Der Karfunkelstein des Nörggleins
Oberhalb Leifers an der Poststraße nach Italien, am linken Etschufer, führt ein Bergweg ins Brantental, aus dem der Brantenbach sein wildes Wasser ergießt. Gleich beim Eingang in dieses Tal am rechten Ufer des Baches erblickt man noch die zahlreichen Trümmer der ehemaligen Burg Lichtenstein.
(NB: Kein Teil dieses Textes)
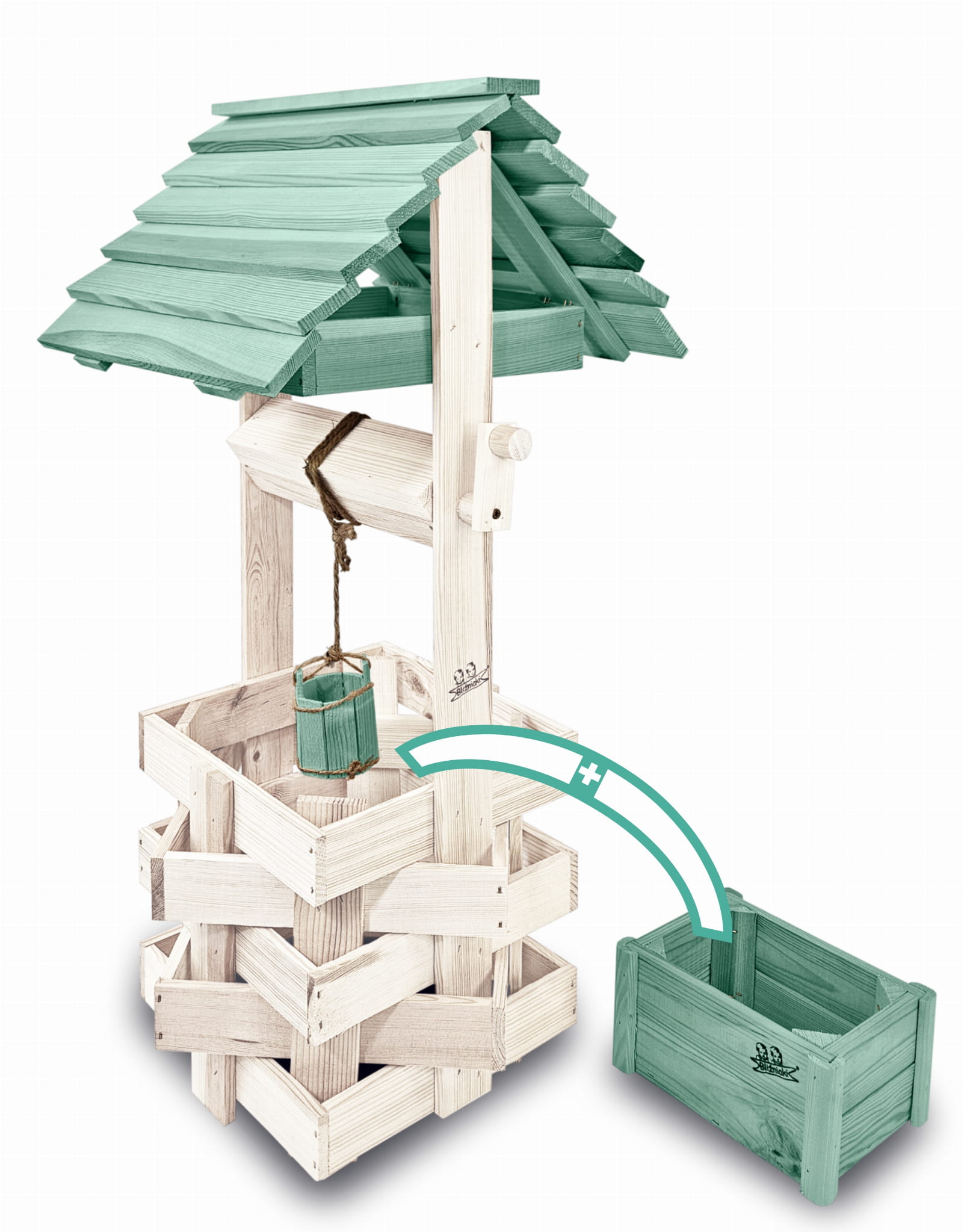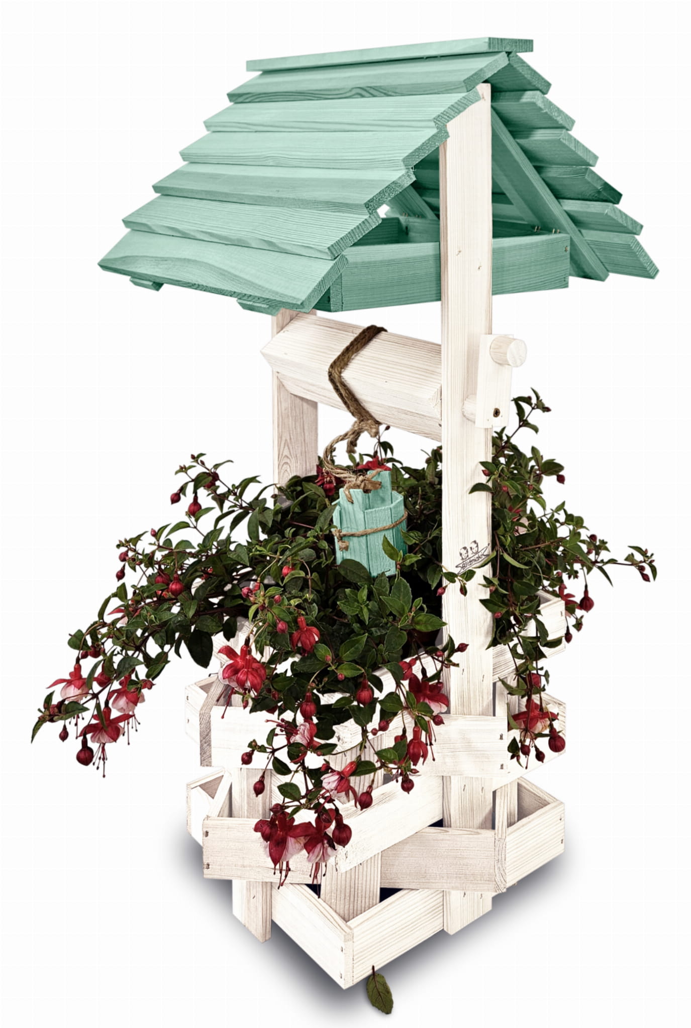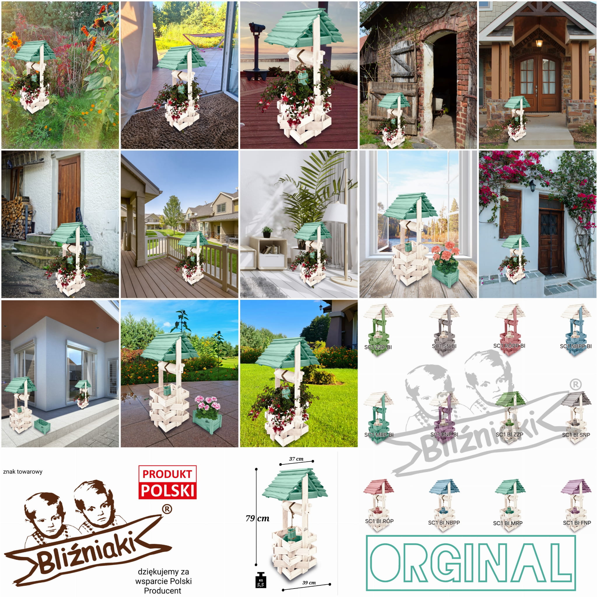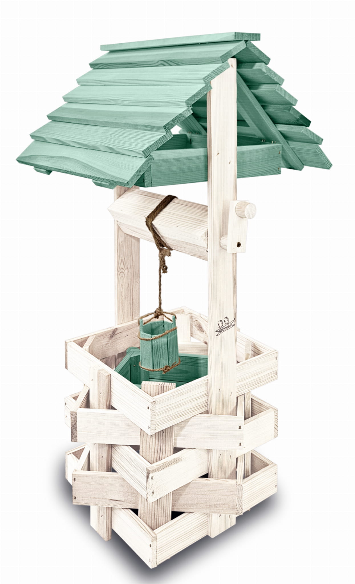 Drewniana studnia Kwietnik Kolor PASTELOWY MORSKA ZIELEŃ Donica na kwiaty do domu i ogrodu Ozdobne studzienki Prezent Studnia ogrodowa ozdobna Doniczki na rośliny Studnie balkonowe tarasowe Studzienka na pelargonie Ozdoba wnętrz i ogrodu SC1 BI MRP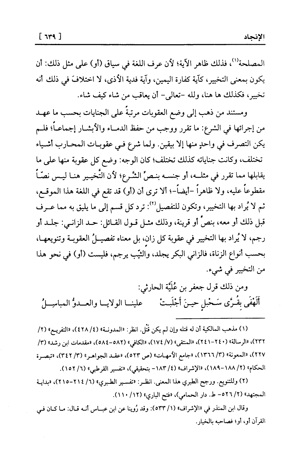 ومستند من ذهب إلى وضع العقوبات مرتبةً على الجنايات بحسب ما عهد من إجرائها في الشرع: ما تقرر ووجب من حفظ الدماء والأبشار إجماعاً؛ فلم يكن التصرف في واحدٍ منها إلا بيقين. ولما شرع في عقوبات المحارب أشياء تختلف، وكانت جناياته كذلك تختلف؛ كان الوجه: وضع كل عقوبة منها على ما يقابلها مما تقرر في مثله، أو جنسه بنصِّ الشَّرع؛ لأن التَّخيير هنا ليس نصّاً مقطوعاً عليه، ولا ظاهراً -أيضاً-؛ ألا ترى أن (أو) قد تقع في اللغة هذا الموقع، ثم لا يُراد بها التخيير، وتكون للتفصيل (¬2) : ترد كل قسم إلى ما يليق به مما عرف قبل ذلك أو معه، بنصٍّ أو قرينة، وذلك مثل قول القائل: حد الزاني: جلد أو رجم، لا يُراد بها التخيير في عقوبة كل زانٍ، بل معناه تفصيلُ العقوبة وتنويعها، بحسب أنواع الزناة، فالزاني البكر يجلد، والثيّب يرجم، فليست (أو) في نحو هذا من التخيير في شيء.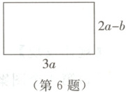 6. 如图,长方形的长是$3a$,宽是$2a - b$,则长方形的周长是 (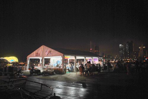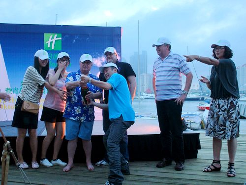 上周六晚上的奧帆中心,岸上的游人被海邊木質(zhì)平臺上的景象吸引。平臺上嘉賓頻頻舉杯,歡聲不斷,原來這是城陽景園假日酒店在搞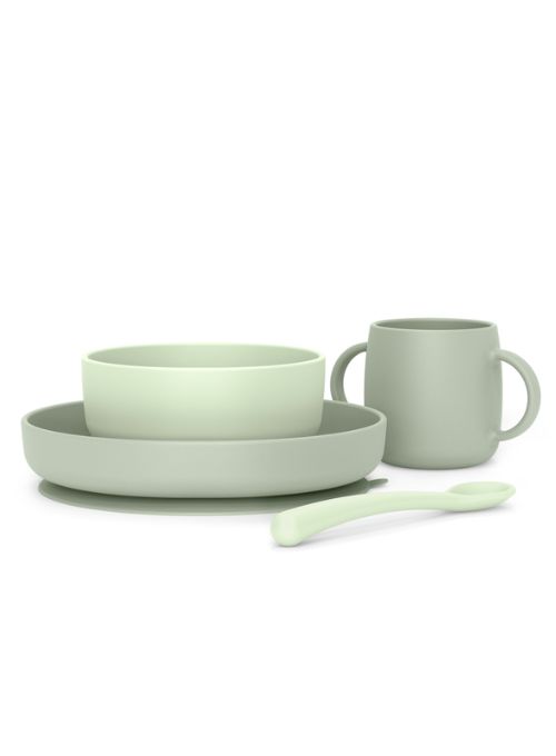 Vajilla de silicona, suave y flexible, de 4 piezas. Para bebés +6 meses. Apta para el lavavajillas.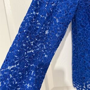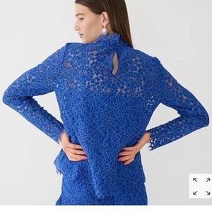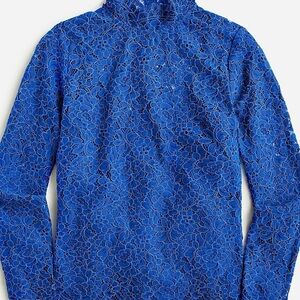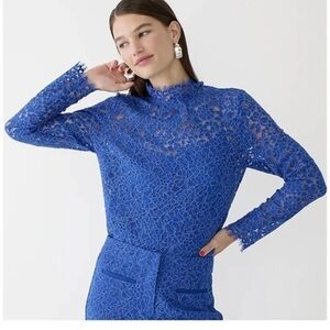 J. Crew Scalloped Lace Mockneck Top Floral Long Sleeve Blouse Cobalt Size 4

Bevor diese Burg so hieß, ritt einst einer ihrer Besitzer, Peter mit Namen, diesen Weg entlang, als ihm ein winziges Männlein den Pfad vertrat und flehentlich eine Gabe heischte. Mit rauhen Worten wollte der Diener das Männlein von dannen scheuchen, aber der Gebieter, menschenfreundlicher gesinnt als der Diener, wie nicht selten der Fall ist, gebot jenem zu schweigen und vielmehr dem Männlein eine Gabe zu reichen, sei es Geld oder Brot und Wein. Da zog das Männlein aus seiner schmutzigen Tasche seines armseligen Gewandes einen herrlich strahlenden Karfunkel, reichte diesen dem Ritter und sprach: "Habe Dank und nimm diesen lichten Stein, Segen soll er bringen dir und all deinem Geschlechte." Und plötzlich war das Männlein, als wie in den Erdboden hinein versunken, verschwunden. Das Männlein war ein Nörggl gewesen. Der Ritter bewahrte sorgsam den Karfunkel, ließ ihn in Gold fassen und setzte ihn mitten in sein Wappenschild. Herrlich blühte sein Geschlecht empor, gewann reiche Besitzungen zwischen Vorarlberg, Graubünden und St. Gallen, die Herren von Lichtenstein wurden zu Reichsgrafen und endlich in den deutschen Reichsfürstenstand erhoben, und noch bis heute führt das hohe Geschlecht als Herzschild in seinem quadrierten Fürstenwappen von Gold über Rot quergeteilt das Andenken an den lichten Karfunkelstein des dankbaren Nörggleins.
Quelle: Deutsche Alpensagen. Gesammelt und herausgegeben von Johann Nepomuk Ritter von Alpenburg, Wien 1861, Nr. 384.